Product Updates - AirCloud

June 2026

Redesigned console, real-time notifications, and Persistent Volume

Redesigned console pagesWe’ve refreshed the console’s most-used pages for a cleaner, more consistent experience.

Container create: A rebuilt create flow — a clearer default mode, a card-based layout, and a configuration summary before you deploy. Start from a template with recommended items and an auto-filled name.
Organization overview: Redesigned organization page that surfaces status and usage at a glance.
Project overview: A reworked overview that brings your recent containers, recommended quick-start templates, and an Air API usage summary together on one page.
Consistent navigation: Cleaner, header-free pages and unified breadcrumb navigation throughout the console.

Real-time notificationsNotifications now arrive the moment something happens — no page refresh needed — and are collected in one place.

Instant delivery: Events such as deployment status changes and announcements appear in real time.
Notification center: Browse, page through, and dismiss past notifications from a single view.
Balance & usage alerts: Get notified about low balance, GPU usage charges, and payment failures so you can act before service is interrupted.

Persistent VolumePersistent volumes are now more flexible across your deployments.

Works with autoscaling: Attach a volume to deployments that use autoscaling and multiple replicas.
New or existing volume on create: Choose a fresh volume or reuse an existing one when creating a deployment.
Shared across deployments: A single volume can be attached to multiple deployments, and the picker shows which deployments are already using it.
Edit while stopped: Enable, disable, or swap the attached volume while a deployment is stopped.

Other improvements

Container tags: Organize and filter your containers with tags.
Replica quota at start: Replica quota is now checked when you start a deployment, with an in-line dialog to adjust replicas or request more quota.
Web Terminal replica selection: When a container has multiple replicas, choose which one to connect to, and the session auto-reconnects if a replica is replaced.
SSH key scoping: Apply a registered SSH key to specific containers, and enable or disable it without removing it.
Inline email verification: Enter a verification code directly during signup; disposable email domains are now blocked at registration.
Better Air API usage page: More accurate spend totals, consistent filters, and model display names across charts and records.
Persistent list views: Sorting, filters, search, and pagination are kept in the URL, so your view is restored when you navigate back from a detail page.
New brand color: Updated the primary brand color across the console.

April 2026

Web Terminal, AirCloud CLI, SSH access, and Shared Storage

AirCloud endpoint access and storage capabilities have been expanded. You can now connect to running containers from the browser or your local terminal, manage endpoints with the AirCloud CLI, use SSH-based development workflows, and share persistent storage across endpoints and replicas.Web TerminalBrowser-based terminal access is now available for custom container endpoints.

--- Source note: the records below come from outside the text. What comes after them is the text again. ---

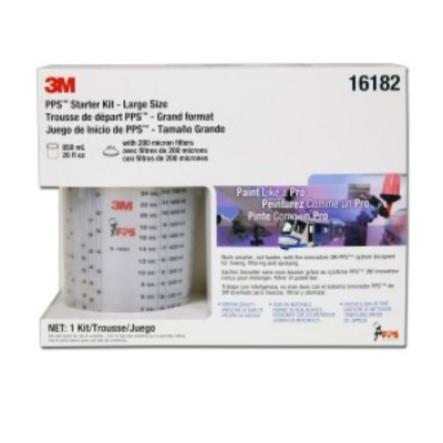 3M™ PPS™ Starter Kit: Large Size (850mL, 28 fl oz): 6-Pack disposable Lids & Liners with 200 micron filters;1-Cup & Collar; 1 bag of Sealing Plugs; and 1-generic mix ratio insert for Automotive over the counter sales. -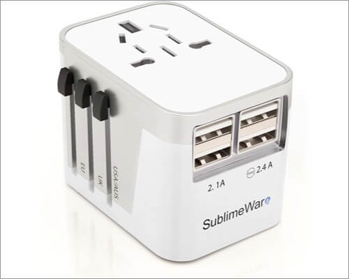 SublimeWares reseadapter är en enhet i ett stycke som kan slå många USB-reseadaptrar som finns i många delar. Du kan ladda fyra enheter – två smartphones, en surfplatta och en kamera. Produkten är kompatibel med alla avancerade enheter som iPhone 11 Pro Max, Samsung Galaxy S10 Plus, OnePlus 7 Pro, Huawei, etc.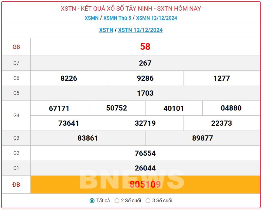 Kết quả xổ số Tây Ninh Thứ Năm ngày 12/12/2024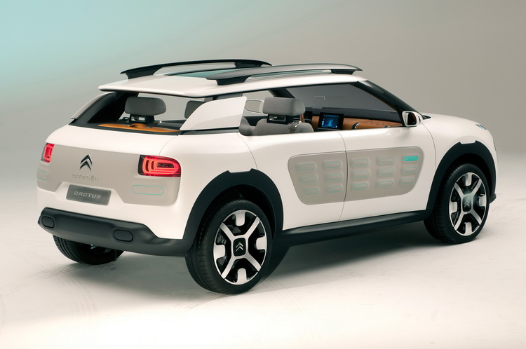 從其車長:4210mm、車寬:1750mm、車高:1530mm,車身距地高度:210mm的車身尺碼來看,是屬於小型跨界休旅車型。Cactus車身採用了稱為「Airbumps」的素材,顧名思義這種素材內部具有許多「空氣膠囊」,讓它帶有比較大的彈性,當車輛受到輕微撞擊時就可藉以緩衝達到保護車身的效果。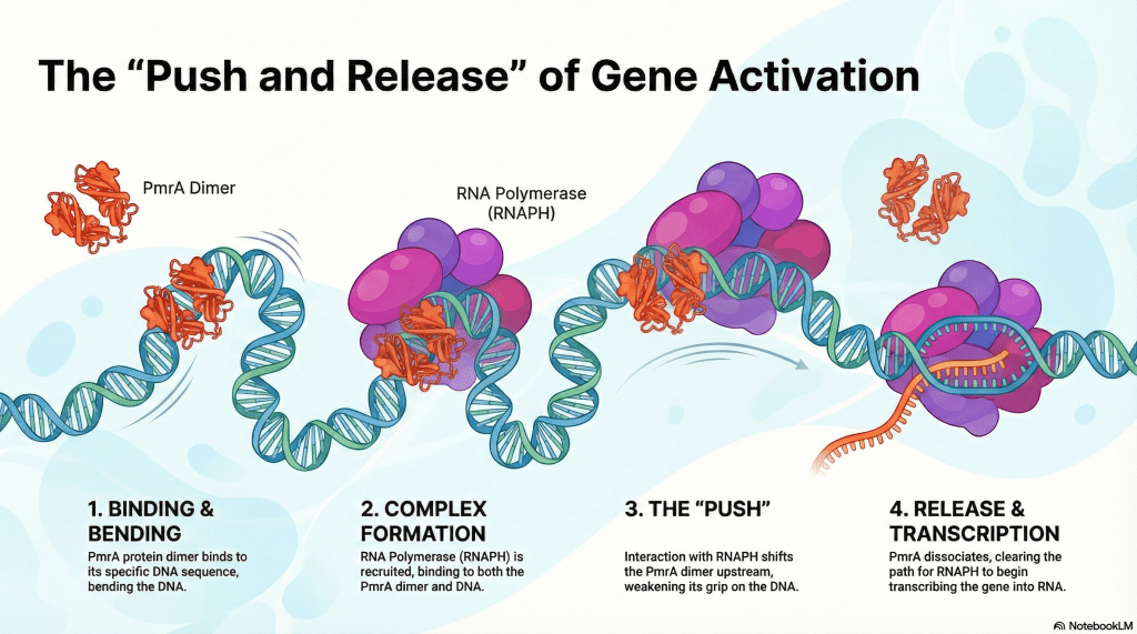 Our work reveals a striking DNA shift, indicating that the PmrA binding sequence differs from the previously defined CCTAAT. The cryo-EM data redefines PmrA-DNA interactions when the transcription activation complex is regulated by PmrA, likely representing an escape mode. Since PmrA is linked to polymyxin resistance, we hope that this structural finding opens up opportunities to develop drugs against Klebsiella pneumoniae.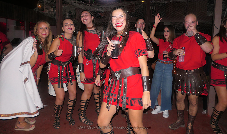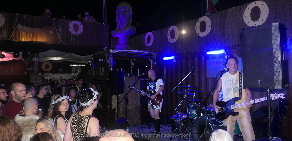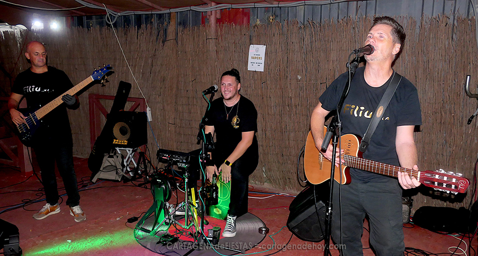 Diversas tropas y legiones de Carthagineses y Romanos ofrecen durante las fiestas actuaciones de bandas de música en directo en sus recintos del campamento, con entrada gratuita para festeros y visitantes. En la foto, el fuerte de Cayo Lelio con 'Filiú&Cía', a quien agradecemos el detalle que adaptase su estribillo para elogiar la labor de Cartagena de Hoy.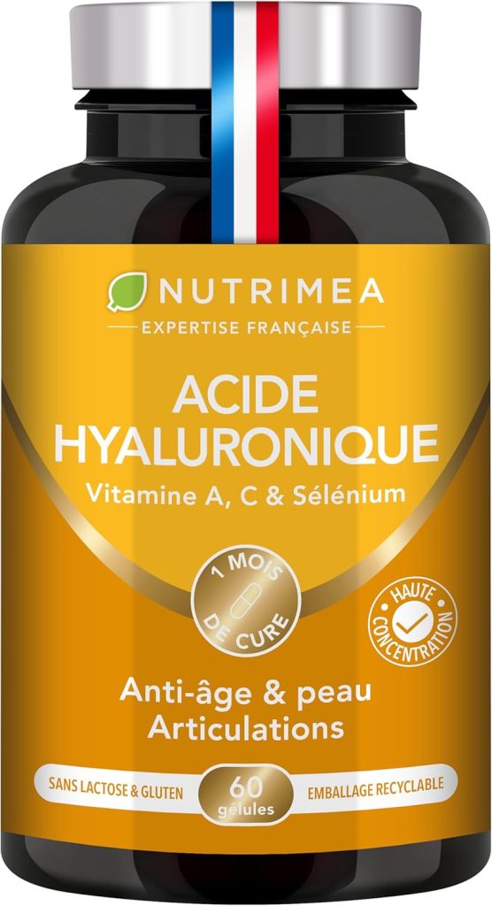 ACIDE HYALURONIQUE – Avec Collagène Marin – 100% Pur – Riche en Vitamines A & C – Anti Rides, Anti Age & Articulations – Agit en Profondeur – 60 Gélules Vegan – Nutrimea – Fabriqué en France – Le détail qui change tout au quotidien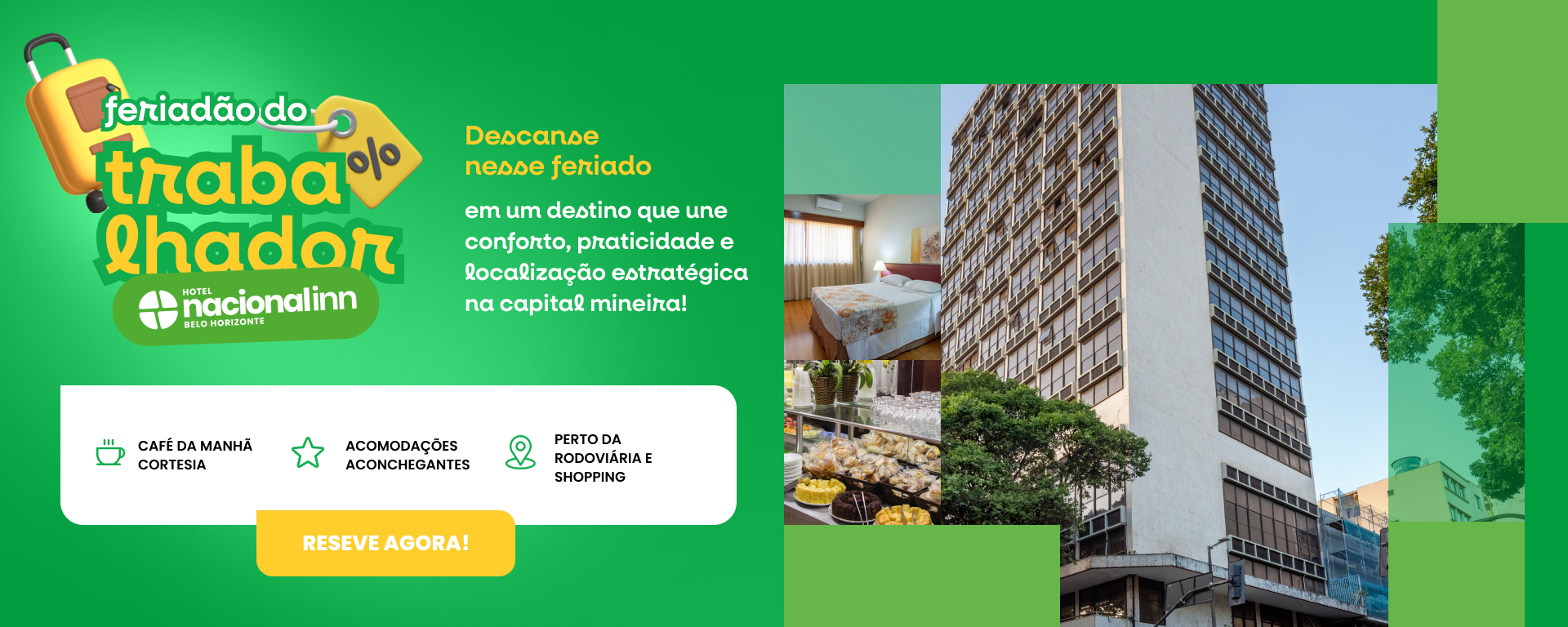 O Nacional Inn Belo Horizonte tem estrutura para receber eventos! A sala José de Alencar pode acomodar até 20 pessoas e a sala Antônio Gomes até 60 pessoas.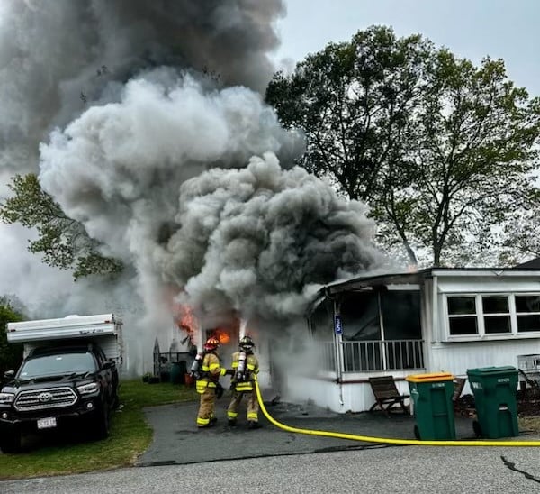 Plymouth firefighters battle a fire in a mobile home on Indian Trail on Monday. (Photo Courtesy Peter Walsh)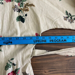 Handmade Women’s Floral Robe Linen Blend Tan/Red Size M Wrap Belted Kimono Style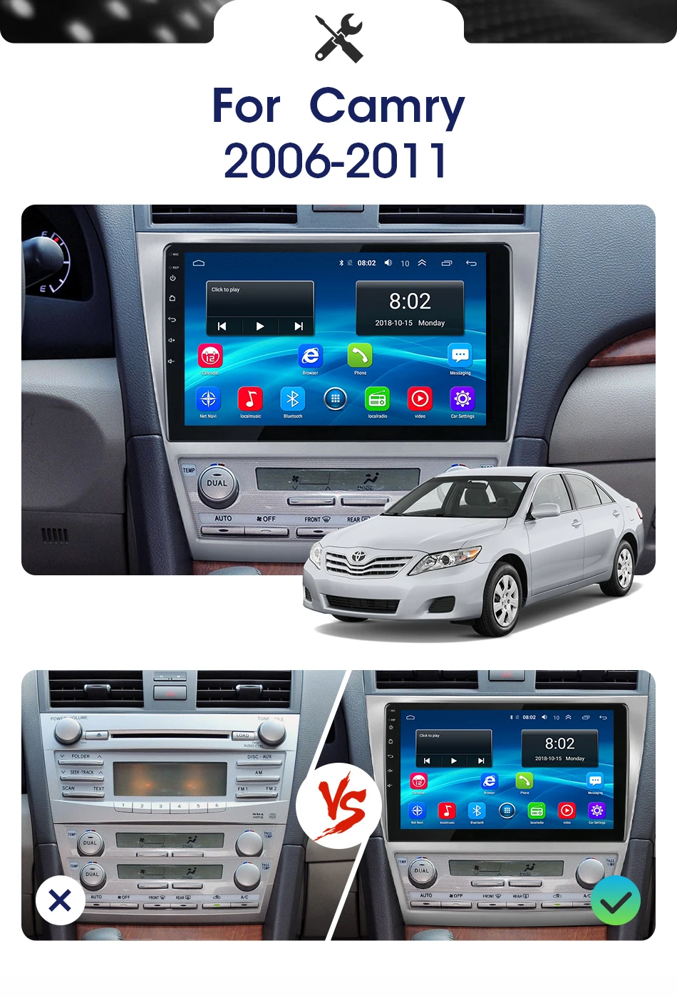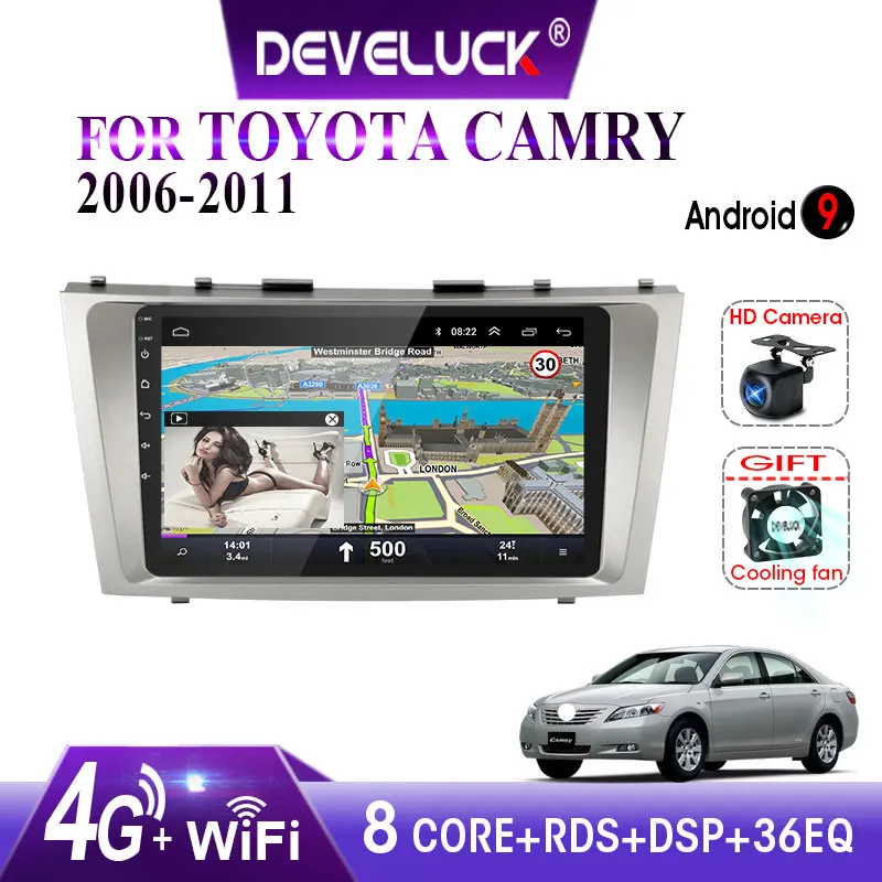 Автомагнитола 2 din, Android 10,0, мультимедийный видеоплеер, GPS-навигация для Toyota Camry 6, xв 40, 50, 2006-2011, 8, Восьмиядерный, без dvd
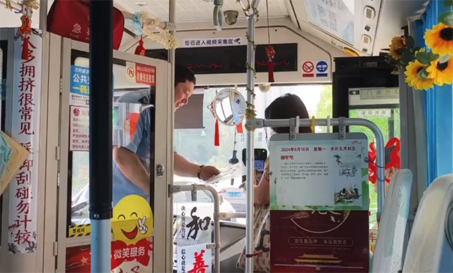 260路四星級駕駛員繆立眾早早來到工作崗位,做好出車前各項準備工作的同時,還將提前準備好的五彩繩、香包、葫蘆等寓意平安、健康的小禮物擺放在駕駛室。每到一站,他都起身微笑著向上車的乘客送上祝福,并將小禮物贈送給每一位乘客。收到祝福的乘客們充滿了驚喜和感動,紛紛豎起大拇指,對這位駕駛員的暖心舉動贊不絕口。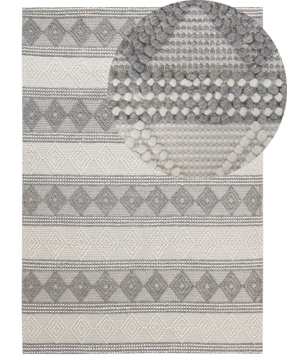 Area Rug Light Beige and Grey Wool Polyester 160 x 230 cm Hand Woven Geometric Pattern Boho Living Room Bedroom Beliani is backordered and will ship as soon as it is back in stock.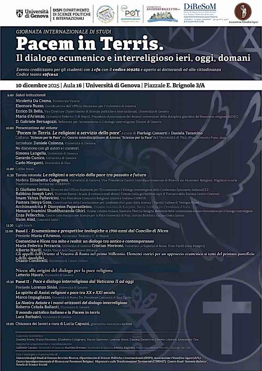 Il 10 dicembre 2025, nell’Aula 16 dell’Università di Genova in Piazzale Brignole 3/A, si svolge la Giornata Internazionale di Studi Interdisciplinari: Pacem in Terris. Il dialogo ecumenico e interreligioso ieri, oggi, domani. L’iniziativa nasce per approfondire, in una prospettiva interdisciplinare, le sfide contemporanee legate alla pace, ai diritti umani e al dialogo tra fedi diverse, temi che tornano oggi centrali in un contesto globale segnato da nuovi conflitti e tensioni.
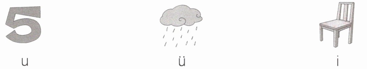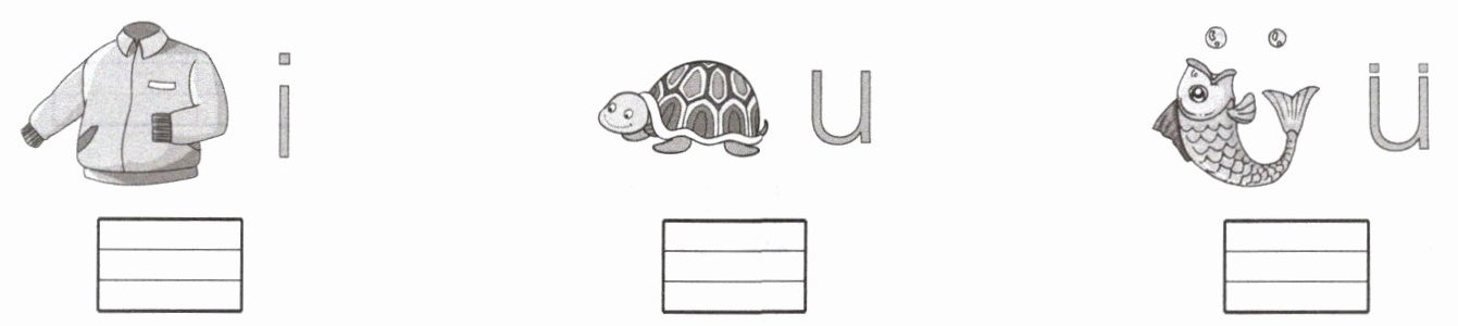 一、用笔在图中描出“i、u、ü”,并在四线格里写一写。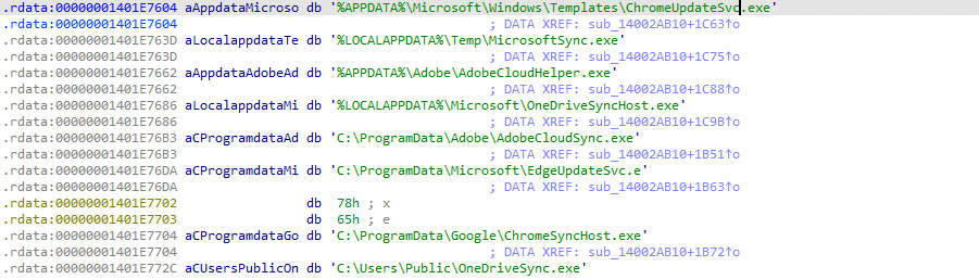 解压后的组件释放在 C:\ProgramData、C:\OneDriveTemp、C:\Users\Public、C:\Windows 等路径下。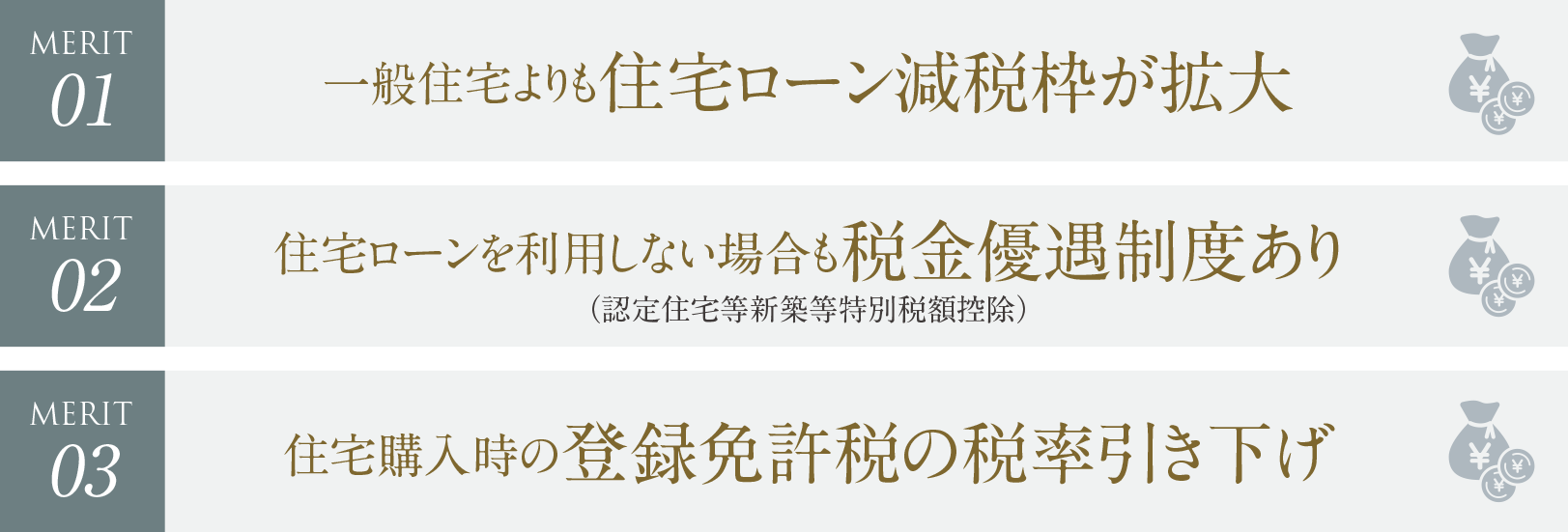 「ZEH」等の基準に適合物件を購入した場合、借入金利が引下げられます。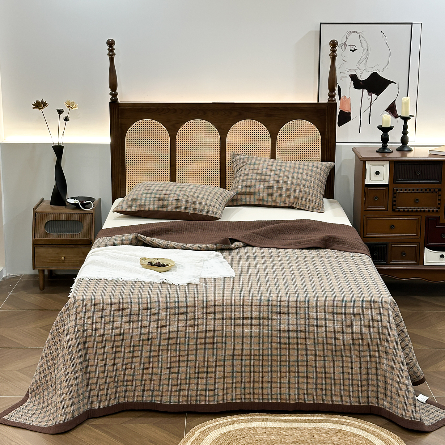 商品名称:床盖工厂店 2026新款双面水洗全棉填充棉花床盖三件套-重楼格系列 重楼咖
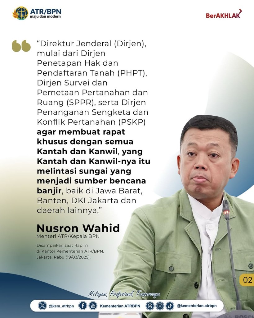 Kementerian Agraria dan Tata Ruang/Badan Pertanahan Nasional (ATR/BPN) menindaklanjuti hasil pertemuan antara Menteri Nusron Wahid dengan Menteri Koordinator Bidang Pangan, Zulkifli Hasan, yang berlangsung Senin (19/03/2025) lalu. Menteri Nusron Wahid menginstruksikan kepada jajarannya untuk berkoordinasi dengan pemerintah daerah (Pemda) terkait penetapan Lahan Pertanian Pangan Berkelanjutan (LP2B).

SSH-free terminal access: Open a terminal session through AirCloud’s exec-based connection without installing sshd or configuring SSH keys.
Custom container support: Custom container endpoints now show a Terminal button on the endpoint overview page.
Template environment access: AirCloud-provided templates such as Jupyter Notebook and Code already include terminal access through their web UI.
Replica selection: For endpoints with multiple replicas, select the replica you want to connect to. If only one replica is running, AirCloud connects automatically.
Simple session exit: Exit the terminal with exit or Ctrl-D. The terminal window closes automatically shortly after the session ends.
Connection retry guidance: If the terminal stays in the connecting state for a long time, try again from a new browser window or incognito mode.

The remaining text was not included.